I was given this information at a circuit supervisors meeting for work. It was stated at this meeting the bacterium was found in the spines of the spinach.  Giving the ground water was contaminated by a cattle farm near the fields; the thought was the plant took the bacteria up through the water. My supervisor may have been injecting his own thoughts, don’t know. I will be using the Haccp system with my semi commercial adventure. This is why in my analysis of my system I decided to only to use municipal potable water to start the system. Chlorine will also be added and then removed before start-up to reduce any risks. Fish are also tested for VHS and parasites prior to entering the system. By the way evaluation of haccp plans may have been the wrong term. I mostly check company records to make sure they are following the plans, they have written and they have documentation to support the decisions in the plan and analyses. If you would like more info on haccp as related to the meat industry they are stated in code of federal regulations number 9, animal and animal products, part 417, sanitation is 416



RupertofOZ said:


Earl ward said:

Last years FDA recall of spinach was caused by E coli 0157:h7. The Ecoli 0157:h7 bacteria was actually in the spines of the plants not cross contaminated. This was caused by the plants up take of the bacteria from the ground water. Ecoli 0157:h7 does not live in the intestinal tracts of fish but could be put into the system by cross contamination.

 

Earl can you link to the FDA report that determined that the E coli was actually taken up by the plants...rather than cross contamination...

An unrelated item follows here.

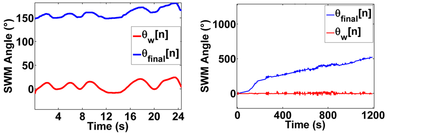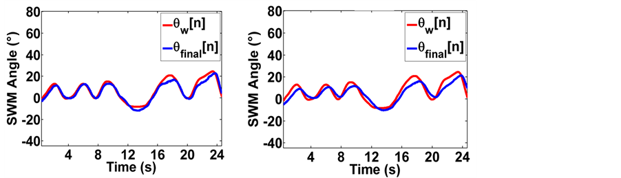 Figure 4. (a) High speed SWM outputs remained highly accurate representations of ground truth steering movements; (b) The final signal (right) matches the potentiometer signal.

I'm struggling to grasp the biological mechanism that allow a plant to incorporate a bacteria into its cell structure...

All the FDA information I've read consistently refers to cattle and wild pig contamination of the irrigation wells and ground water... that was used not only to grow the crops...

But to wash the product during processing.... and utilised during sanitation of equipment..

No definitive determination could be made regarding how E. coli O157:H7 pathogens contaminated spinach in this outbreak.

 

http://www.marlerclark.com/2006_Spinach_Report_Final_01.pdf

 

The joint FDA/State of California field investigation found the same strain of E. coli O157:H7 as was involved in the illness outbreak in samples taken from a stream and from feces of cattle and wild pigs present on ranches implicated in the outbreak. The investigation team also found evidence that wild pigs have been in the spinach fields.

http://www.fda.gov/NewsEvents/Testimony/ucm110926.htm

 

 Using the product codes on the bags, and employing DNA fingerprinting on the bacteria from the bags, the investigators were able to match environmental samples of E.coli O157:H7 from one field to the strain that had caused the outbreak. Potential environmental risk factors for E.coli O157:H7 contamination at or near the field included the presence of wild pigs, the proximity of irrigation wells used to grow produce for ready-to-eat packaging, and surface waterways exposed to feces from cattle and wildlife.

Because the contamination occurred before the start of the investigation, and because of the many ways that E.coli O157:H7 can be transferred -- including animals, humans, and water -- the precise means by which the bacteria spread to the spinach remain unknown.

http://www.fda.gov/NewsEvents/Newsroom/PressAnnouncements/2007/ucm1...

Great discussion, everyone.  On an administrative note I agree with Dan and TC about creating a Food Safety group for this topic and using the text box for a list of valuable links.  Dan and Earl, you both seem like excellent candidates to take the lead on this.  Any volunteers?